* _About this exercise_
Omit all pictures and transcribe only the lines in the entries below that run from the line with "- https://sky.shiiyu.moe/stats/HudalMudal/Tomato#Gear ⚡" through the line with "2.2. Virulence of".
====
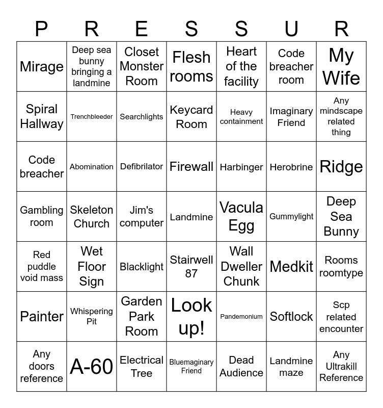 This bingo card has a free space and 48 words: Pandemonium, Imaginary Friend, Bluemaginary Friend, Skeleton Church, Defibrilator, Deep Sea Bunny, Deep sea bunny bringing a landmine, A-60, Code breacher room, Stairwell 87, My Wife, Flesh rooms, Herobrine, Harbinger, Painter, Gummylight, Spiral Hallway, Any mindscape related thing, Softlock, Heart of the facility, Heavy containment, Jim's computer, Mirage, Trenchbleeder, Scp related encounter, Searchlights, Ridge, Any doors reference, Firewall, Abomination, Landmine maze, Vacula Egg, Rooms roomtype, Whispering Pit, Gambling room, Wall Dweller Chunk, Medkit, Code breacher, Blacklight, Garden Park Room, Red puddle void mass, Any Ultrakill Reference, Closet Monster Room, Electrical Tree, Keycard Room, Look up!, Wet Floor Sign and Dead Audience.
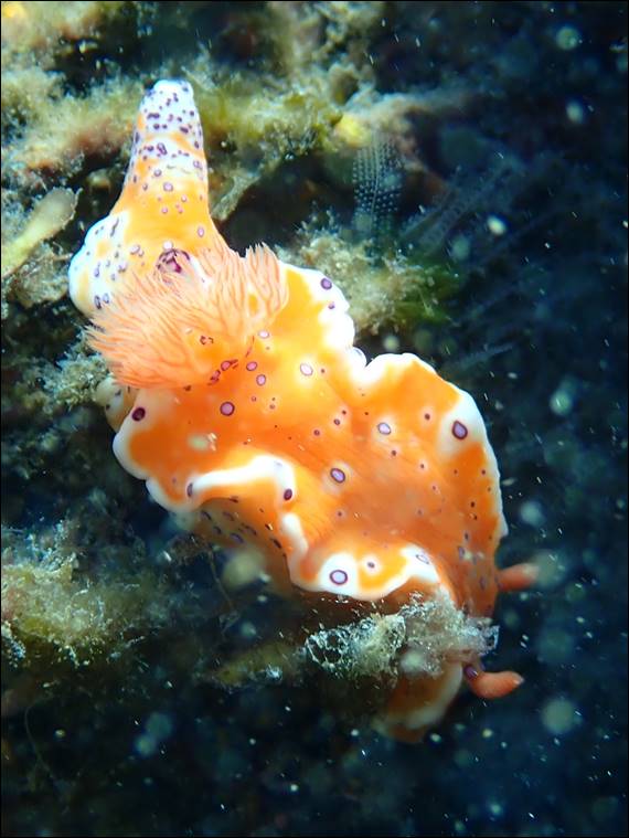 Quite a few other locally found rays use the same method of ‘hydraulic mining’ or ‘hydraulic jetting’, to uncover buried prey. None of them however display the same, or even similar, modified head to assist with this process. I was even more chuffed when I came across a solitary Short-Tailed Nudibranch (Ceratosoma brevicaudatum). It’s not been a great season for finding these colourful creatures. This species grows up to half a foot in length, and is one of the largest nudibranchs commonly found in Western Australia. But not the biggest:
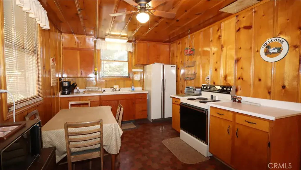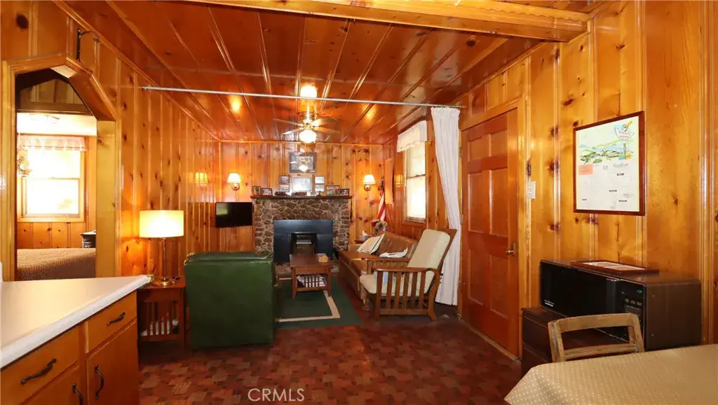 Step back in time with this classic two-bedroom, one-bath cabin in Loch Lomond’s beloved “Italian Village,” where vintage character meets relaxed mountain living. Custom built in the late ’40s, this home features durable craftsmanship, warm knotty pine interiors, and a traditional stone fireplace that anchors the cozy living area. Corner windows frame peaceful natural views, and the terraced stone backyard with pergola and built-in barbecue is perfect for year-round gatherings. The garage offers space for laundry, a workshop, and extra storage. Recent upgrades include new Hardie board siding for the entire building providing additional fire protection, fresh exterior paint, and a pellet stove for efficient heating. Within easy walking distance to the community pool, restaurant, store, and fire station, this cabin is also close to Boggs State Forest, Harbin Hot Springs, golf courses, wineries, hiking trails, and fishing spots—just over an hour from Santa Rosa. Ideal as a vacation home, retirement getaway, or income-producing property, this Loch Lomond retreat offers comfort, charm, and convenience in one inviting package!
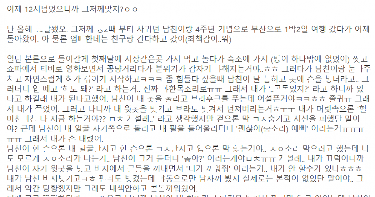 4주년 기념으로 남친이랑 여행 간 ㅇ-i린여ㅈ..r의 ㅅㅅ후ㄱi
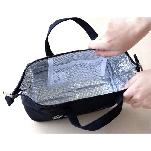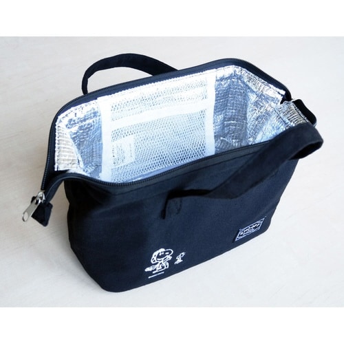 スヌーピーのがま口ランチバッグです。 開け口が広く、お弁当箱などの出し入れがスムーズにできます。 内側はアルミ蒸着素材で保冷効果があります。 保冷剤が入るメッシュポケット付きです。 |
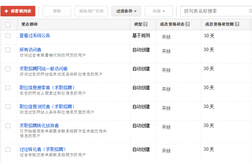 在AdWords中,第一种方式是让AdWords自己来收集受众集体列表,这种办法需要你手动将代码放置到各个页面中。假定你运营的是一个招聘网 站,那么你能够把所有浏览过Java工程师职位的访客通过他们是否浏览过Java工程师职位页面来进行标记,代码就会放置到这些页面中。一般来说咱们会在 所有页面中插入一段AdWords代码并操控代码中的参数以区别不同访客特征。这样你在再营销的基础上就能够进行再推行动态广告。如上图所示,谷歌会 自动为“求职招聘”创立5个自动生成的再营销列表。此外你也能够自界说一些“基于规则”的再推行列表。通过这个设置,你就不会为Java工程师推送财务相关的职位了。
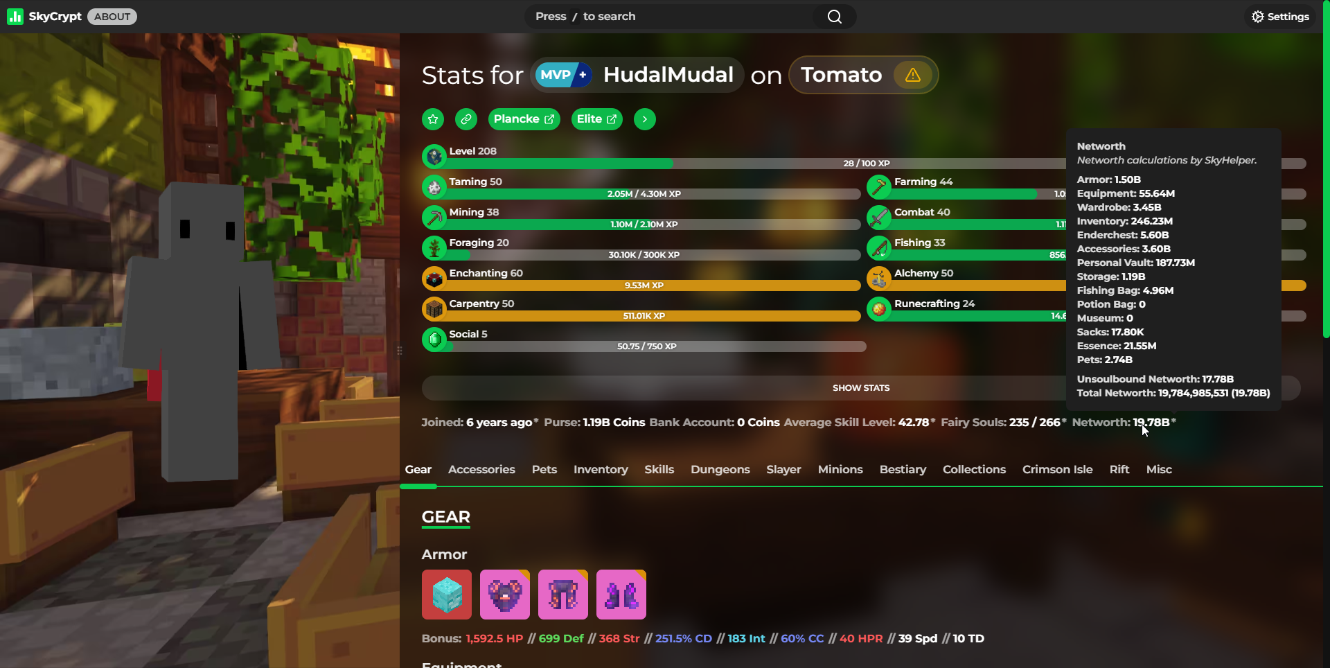 Detailed statistics - https://sky.shiiyu.moe/stats/HudalMudal/Tomato#Gear ⚡
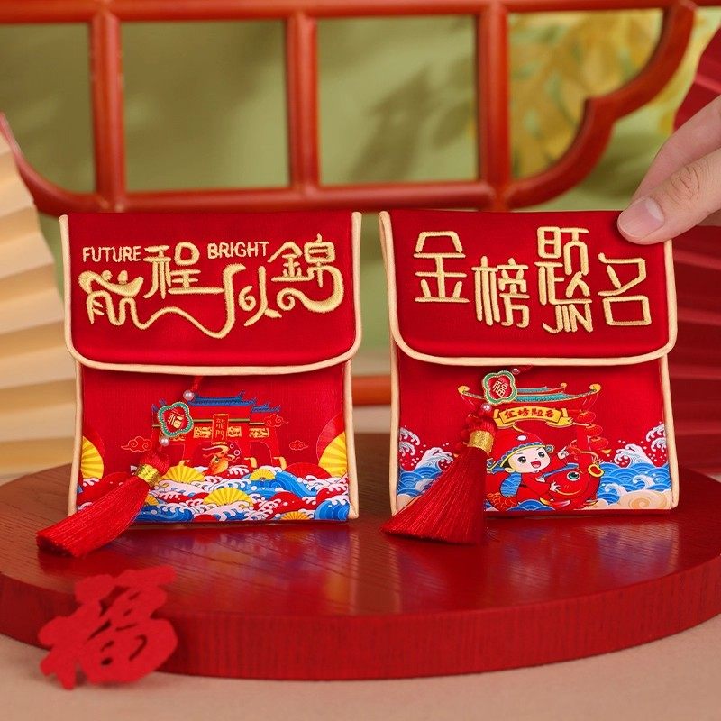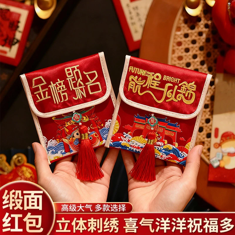 📚 国潮红包袋春节过年流苏刺绣丝绸利是封新年压岁钱金榜题名立体
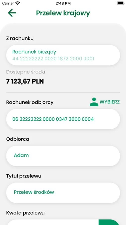 - wykonywanie przelewów krajowych, własnych i doładowań telefonów,
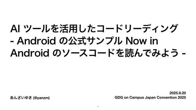 ͋Μ͍͟Ώ͖ (@yanzm) "*πʔϧΛ׆༻ͨ͠ίʔυϦʔσΟϯά "OESPJEͷެࣜαϯϓϧ/PXJO "OESPJEͷιʔείʔυΛಡΜͰΈΑ͏ 1 2025.9.20 GDG on Campus
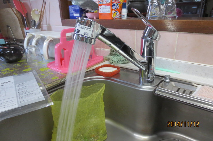 | 依頼の内容 | システムキッチン水栓取替工事:既存シャワー水栓撤去、新規シャワー水栓TOTO製TKGG31EB 定価¥42,300-
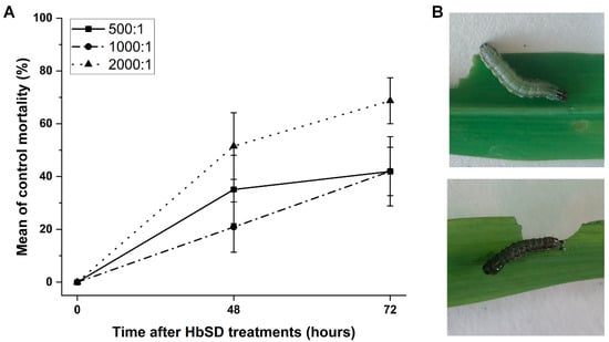 2.2. Virulence of HbSD against S. frugiperda Larvae in Petri Plate Bioassay
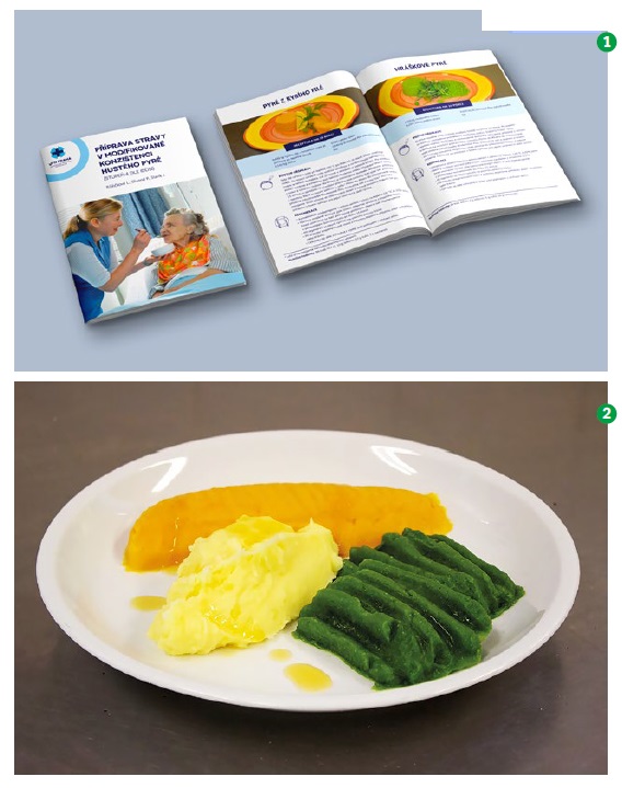Potíže s polykáním a mukozitida přináší mnoho omezení a k tomu často patří nutnost změny stravovacích zvyklostí, omezení ve výběru potravin a s tím spojené snížení pestrosti jídelníčku. Ve Všeobecné fakultní nemocnici (VFN) v Praze byl vypracován systém stravování pro jedince s dysfagií pomocí indikace diety s úpravou konzistence stravy dle mezinárodního standardu IDDSI (International Dysphagia Diet Standardisation Initiative). Mezi nejvyužívanější typy modifikované stravy podle této klasifikace patří mixovaná dieta v konzistenci hustého pyré, stupeň 4 dle IDDSI, u které je kladen velký důraz nejen na mechanické zpracování jídla, ale i na senzorické a chuťové vnímání konzumenta. Ve VFN byla vydána publikace Příprava stravy v modifikované konzistenci hustého pyré (Růžičková et al., 2022), která přináší jednoduchý návod, jak připravit měkkou stravu usnadňující polykání zcela bez potřeby kousání nebo žvýkání. Jednotlivé komponenty pokrmu jsou servírovány na talíř zvlášť s důrazem na barevnou i tvarovou estetičnost a vyniknutí vůně i chuti jednotlivých částí. Do většiny jídel je nezbytné přidávat speciální zahušťovadlo Bindemittel Plus od firmy Dr. Oetker, díky němuž strava drží tvar a po vložení do úst se lehce rozplývá. Recepty jsou na přípravu jednoduché a časově nenáročné. Využívají se potraviny běžně dostupné, které nejsou finančně náročné, jak pro jednotlivce v domácnosti, tak i pro zařízení, která stravu při poruchách polykání poskytují. K přípravě stravy je možné ve vhodných případech využívat i potraviny, které byly prvotně použity pro přípravu vývaru, například zeleninu nebo maso, čímž se chováme v souladu s principy udržitelnosti. S ohledem na tento postup je nutné respektovat všechna hygienická a bezpečnostní pravidla. Receptář může pomoci ke zkvalitnění života těch, kteří musí dočasně nebo dlouhodobě dodržovat speciální úpravu stravy, zpříjemní jim požitek z jídla a pomůže snížit riziko podvýživy. Kuchařka pro pacienty s poruchou polykání je ke stažení na www.vfn.cz v sekci Pro odborníky.
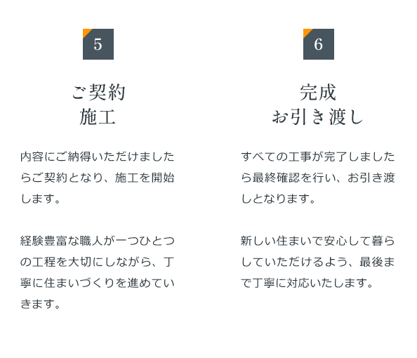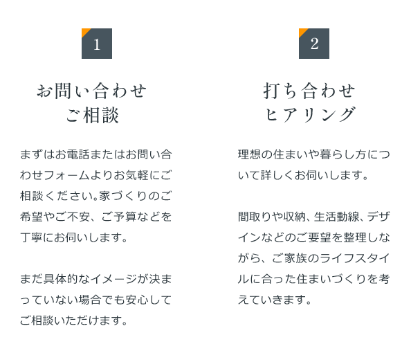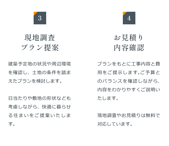 ご相談から施工、完成まで一貫して対応し、お客様に寄り添いながら家づくりを進めていきます。現地調査やお見積もりも無料で承っており、ご希望を丁寧に伺ったうえで最適なプランをご提案します。
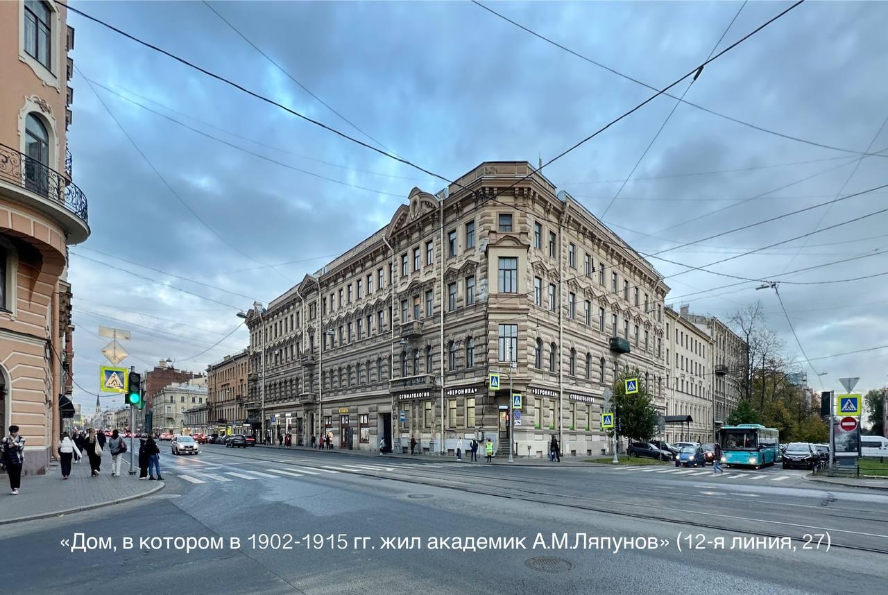 Дом, в котором в 1902–1915 годах жил академик А. М. Ляпунов (12-я линия В. О., 27);
====
* _Final answer_
 Detailed statistics - https://sky.shiiyu.moe/stats/HudalMudal/Tomato#Gear ⚡
 📚 国潮红包袋春节过年流苏刺绣丝绸利是封新年压岁钱金榜题名立体
 - wykonywanie przelewów krajowych, własnych i doładowań telefonów,
 ͋Μ͍͟Ώ͖ (@yanzm) "*πʔϧΛ׆༻ͨ͠ίʔυϦʔσΟϯά "OESPJEͷެࣜαϯϓϧ/PXJO "OESPJEͷιʔείʔυΛಡΜͰΈΑ͏ 1 2025.9.20 GDG on Campus
 | 依頼の内容 | システムキッチン水栓取替工事:既存シャワー水栓撤去、新規シャワー水栓TOTO製TKGG31EB 定価¥42,300-
 2.2. Virulence of HbSD against S. frugiperda Larvae in Petri Plate Bioassay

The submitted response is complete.